How to deal with issues when storing uploaded files in the file system for a web app?

I am building a web application where the users can create reports and then upload some images for the created reports. Those images will be rendered in the browser when the user clicks a button on the report page. The images are confidential and only authorized users will be able to access them.
I am aware of the pros and cons of storing images in database, in filesystem or a service like amazon S3. For my application, I am inclined to keep the images in the filesystem and paths of the images in the database. That means I have to deal with the problems arising around distributed transaction management. I need some advice on how to deal with these problems.
1- I believe one of the proper solutions is to use technologies like JTA and XADisk. I am not very knowledgeable about these technologies but I believe 2 phase commit is how automicity is achieved. I am using MySQL as the database, and it seems like 2 phase commit is supported by MySQL. Problem with this approach is XADisk does not seem to be an active project and there is not much documentation about it and there is the fact that I am not very knowlegable about the ins and outs of this approach. I am not sure if I should invest in this approach.
2- I believe I can get away with some of the problems arising from the violation of ACID properties for my application. While uploading images, I can first write the files to disk, if this operation succeeds I can update the paths in the database. If database transaction fails, I can delete the files from the disk. I know that is still not bulletproof; an electricity shortage might occur just after the db transaction or the disk might not be responsive for a while etc...I know there are also concurrency issues, for instance if one user tries to modify the uploaded image and another tries to delete it at the same time, there will be some problems. Still the chances for concurrent updates in my application will be relatively low.
I believe I can live with orphan files on the disk or orphan image paths on the db if such exceptional cases occur. If a file path exists in db and not in the file system, I can show a notification to the user on report page and he might try to reupload the image. Orphan files in the file system would not be too much problem, I might run a process to detect such files time to time. Still, I am not very comfortable with this approach.

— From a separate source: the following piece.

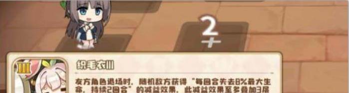 而这就是我们的主要输出剧照了,只要第一回合死三个,就可以给予对方随机角色共三层的debuff,因为遗迹守卫只有一个单位,所以他会受到两回合共计生命最大值48的伤害。

3- The last option might be to not store file paths in the db at all. I can structure the filesystem such that I can infer the file path in code and load all images at once. For instance, I can create a folder with the name of report id for each report. When a request has been made to load images of the report, I can load the images at once since I know the report id. That might end up with huge number of folders in the filesystem and I am not sure if such a design is acceptable. Concurrency issues will still exist in this scheme.
I would appreciate some advice on which approach I should follow.
I believe you are trying to be ultra-correct, and maybe not that much is needed, but I also faced some similar situation some time ago and explored also different possibilities. I disliked options aligned to your option 1, but about the 2 and 3, I had different successful approaches.
Let's sum up first the list of concerns:
You want the file to be saved
You want the file path to be linked to the corresponding entity (i.e the report)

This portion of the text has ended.